There is no way that a 47 year old leak could be that hot. Somebody needs to go back to journalism school.
Demonaut
(8,918 posts)3. a full 89 sieverts???? mebbe millisieverts, misquote
johnd83
(593 posts)5. I agree that sounds really high
From an article on nuclear radiation exposure:
The March 2011 accident at Fukushima Daiichi nuclear power plant in Japan released more radioactivity than Three Mile Island, but much less than Chernobyl, probably about 770 PBq, and the effects are still being assessed. Certainly the main radiation exposure was to workers on site. In the first month 22 workers had received doses over 100 mSv, and none had reached 250 mSv - the limit set for emergency workers there. There were around 250 workers on site each day. INES rating 7.

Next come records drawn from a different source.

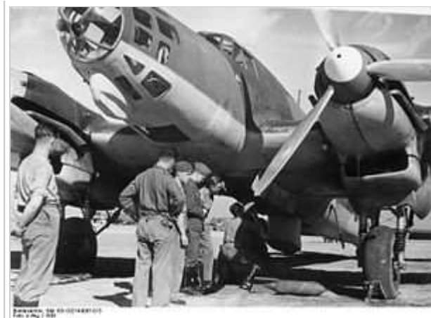
Foto dels arxius federals alemanys amb el títol Espanya, avió de la legió Còndor i la descripció les tropes feixistes d'intervenció alemanyes donen suport al cop d'estat de Franco 1936-1939 contra la República democràtica espanyola .

El 25 de juliol, membres del partit Nazi de Tetuan, emissaris del general Franco, s'entrevisten amb Hitler, qui posa en marxa immediatament una pont aeri per a les tropes del Marroc i promet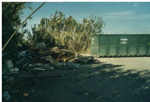
Vertido incontrolado de residuos en un polígono industrial de Zaragoza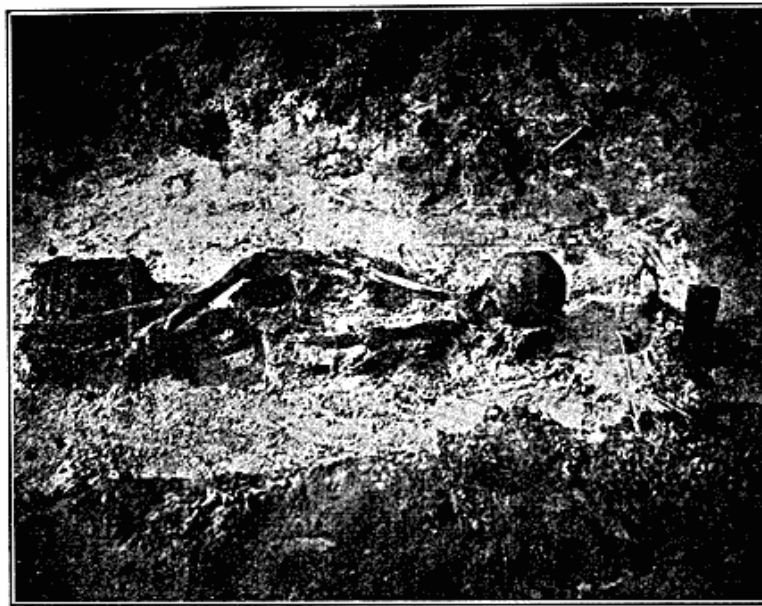
Fig. 4. Grav fra hustomt. Khaen-sale.

midten blev understøttet af fire stolper. Indgangen dannedes af en 2 m lang, tilsyneladende overdækket husgang. I midten af huset fandtes ildstedet. De fleste oldsager lå enten bag dette eller fortil nær indgangen. Der fandtes talrige knogler af sæl, fjældræv, isbjørn, ren, forskellige fugle samt af og til hvalros og hval, men altid ordnet i dynger efter art, f. eks. op mod væggen bag ildstedet mere end 30 hele og en stor mængde sønderslagne ræveskaller; utvivlsomt ligger der særlige, religiøse forestillinger bag denne skik. Jærn er overmåde almindeligt i fundet, ligeså ben (hval-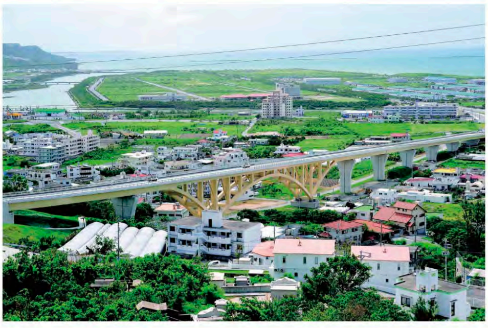
一般県道 県道36号線(なかさす大橋)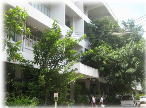
อาคาร 4 อาคารอัมพวัน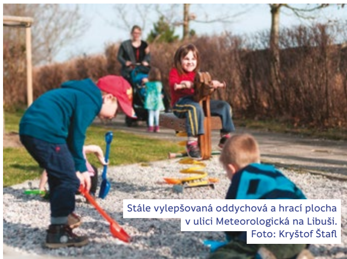
Stále vylepšovaná oddychová a hrací plocha v ulici Meteorologická na Libuši.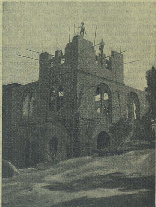
CUYABÁ: Nuevo pabellón para Escuelas Profesionales.

La banda de los Huerfanitos de la Piedad llenó el ambiente de entusiasmo y a lo acordes de sus vibrantes notas se enardeció la enorme concurrencia, llevando en sus pechos el mismo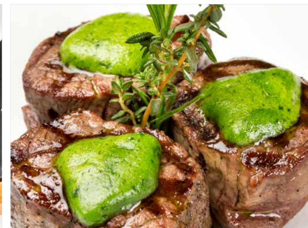
ФИЛЕ-МИНЬОН ИЗ МРАМОРНОЙ ГОВЯДИНЫ С МАСЛОМ ПЕТРУШКИ Marbled beef fillet mignon with parsley oil 免翁牛柳配欧芹油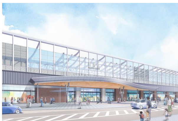
《 長崎駅外観 》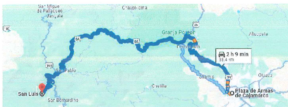
Cuadro N° 1: Cuadro de Acceso hasta el Distrito de San Luis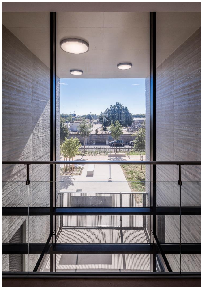
Crédit photo Sapa - Photographe Meero © Agence d'architecture : Rue Royale Architectes

La verticalité des menuiseries prédomine dans ce programme. Au-delà des grands murs-rideaux ELEGANCE 52 des patios, les fenêtres à soufflet, toute en hauteur, renforcent la sensation d'espace dans les salles tout en protégeant des regards extérieurs. Leur largeur, d'environ 1 m, suit le tramage de la façade du premier étage. Elles sont ponctuellement coupées d'éléments horizontaux pour apporter du rythme à l'enveloppe.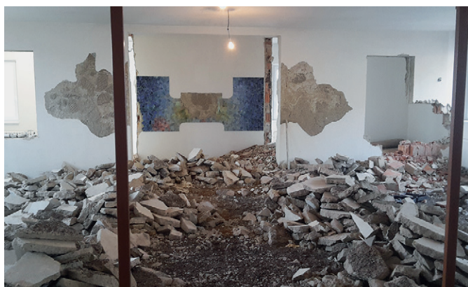
Průběh rekonstrukce obřadní síně

Součástí stavebních úprav 2. NP bylo nové položení keramické dlažby na schodiště mezi suterénem, 1. NP a 2. NP a v severní vstupní části (venkovní schodiště), ukončené před částí obecního úřadu. Dále proběhla rekonstrukce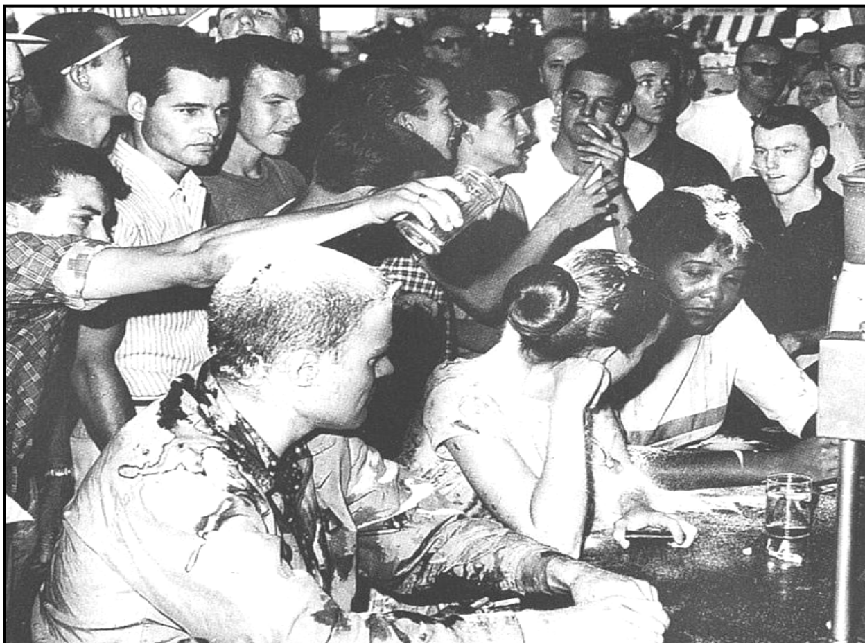
[Uit Parting the Waters: America in the King Years 1954–63 deur T Branch]

Die bron hieronder is 'n foto uit 'n boek met die titel Parting the Waters: America in the King Years 1954–63 deur T Branch. Dit toon drie studente wat op 28 Mei 1963 aan 'n sitstaking by 'n middagete-toonbank in Jackson, Mississippi, deelneem. 'n Lid van die wit groep gooi 'n vloeistof oor 'n sittende student uit.

So the workers in the completely destroyed nuclear reactor were exposed to 250 mSv over the course of a few days. 89 S/hr is an insane number. Based on an (unconfirmed) estimate that is about half the exposure of being 100 m from an atomic bomb explosion.
http://www.world-nuclear.org/info/inf05.html
gratuitous
(82,849 posts)4. It's an even bet in Portland
Will we get snuffed by an earthquake first, or will the radiation migrating from Hanford depopulate the Rose City? At least we had jobs!